模型配置与 Model 工厂

本章目标:
讲清 models[] 配置项如何通过反射(reflection)实例化任意 LangChain 兼容的 chat model
拆解 create_chat_model 工厂在 thinking_enabled / supports_vision 等开关下的覆盖逻辑
给出新增一个自定义模型 provider 的最小模板与从代码校验逻辑反推出的约束清单

TL;DR

DeerFlow 的模型层不绑定任何固定 SDK:每个 models[] 条目用 use 字段声明一个 module:Class 类路径,工厂在运行时用反射 resolve_class 导入并实例化。create_chat_model 负责把配置字典转成构造参数,并按 thinking_enabled 在 when_thinking_enabled / when_thinking_disabled / thinking 之间做深合并覆盖,自适应 Anthropic 原生、OpenAI 兼容网关、vLLM 三种 thinking 表达方式。VllmChatModel 是为 vLLM 0.19.0 定制的子类,跨多轮保留非标准 reasoning 字段。缺失 provider 包时,reflection 层会给出可直接复制的 uv add 安装提示。

Overview

为什么需要一个 Model 工厂,而不是直接 ChatOpenAI(...)?

DeerFlow 是一个 super agent harness,要同时支持 OpenAI、Anthropic、Gemini、Doubao、DeepSeek、Ollama、vLLM、MindIE 等异构后端。这些 provider 在三件事上彼此不兼容:

构造类不同 —— langchain_openai:ChatOpenAI、langchain_anthropic:ChatAnthropic、deerflow.models.vllm_provider:VllmChatModel 等。
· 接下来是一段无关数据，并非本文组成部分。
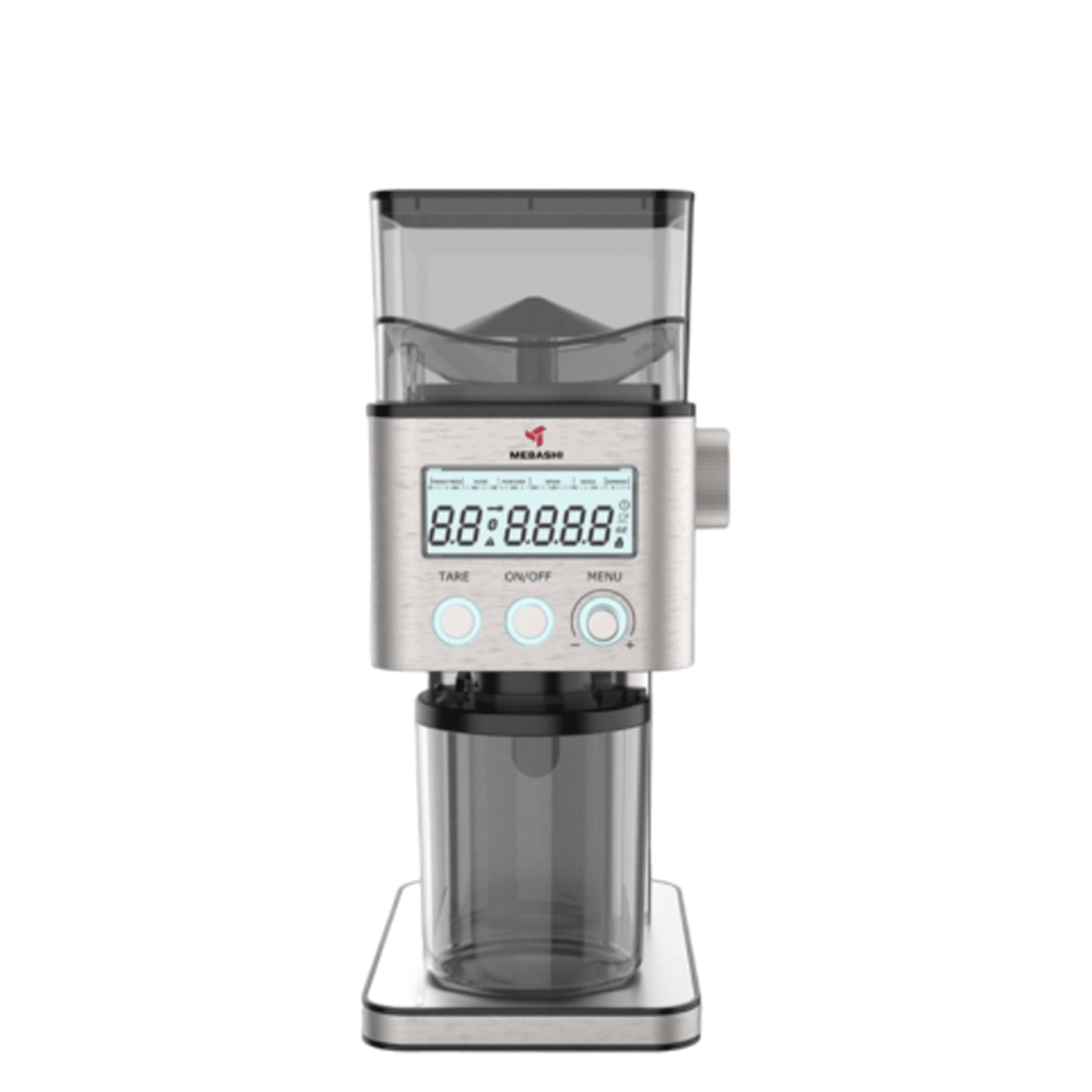 یکی از امکانات جذاب آسیاب قهوه مباشی مدل ME-CG2302، ترازوی دیجیتال بلوتوثی آن است. این ترازو زیر مخزن قهوه آسیابشده قرار گرفته و وزن دقیق قهوه را با دو واحد اونس و گرم نمایش میدهد. این قابلیت به شما امکان میدهد مقدار دقیق قهوه موردنیاز خود را برای هر نوشیدنی تنظیم کنید.

硬编码 import 会把所有 SDK 变成强依赖,且无法扩展。
thinking / reasoning 的开关方式不同 —— Anthropic 用构造参数 thinking={"type": ...};OpenAI 兼容网关用 extra_body.thinking;vLLM 用 extra_body.chat_template_kwargs.enable_thinking。
流式与多轮语义不同 —— vLLM 的 reasoning 字段是非标准的,LangChain 默认适配器会丢弃它,导致交错式 thinking/tool-call 流程在下一轮失去上文。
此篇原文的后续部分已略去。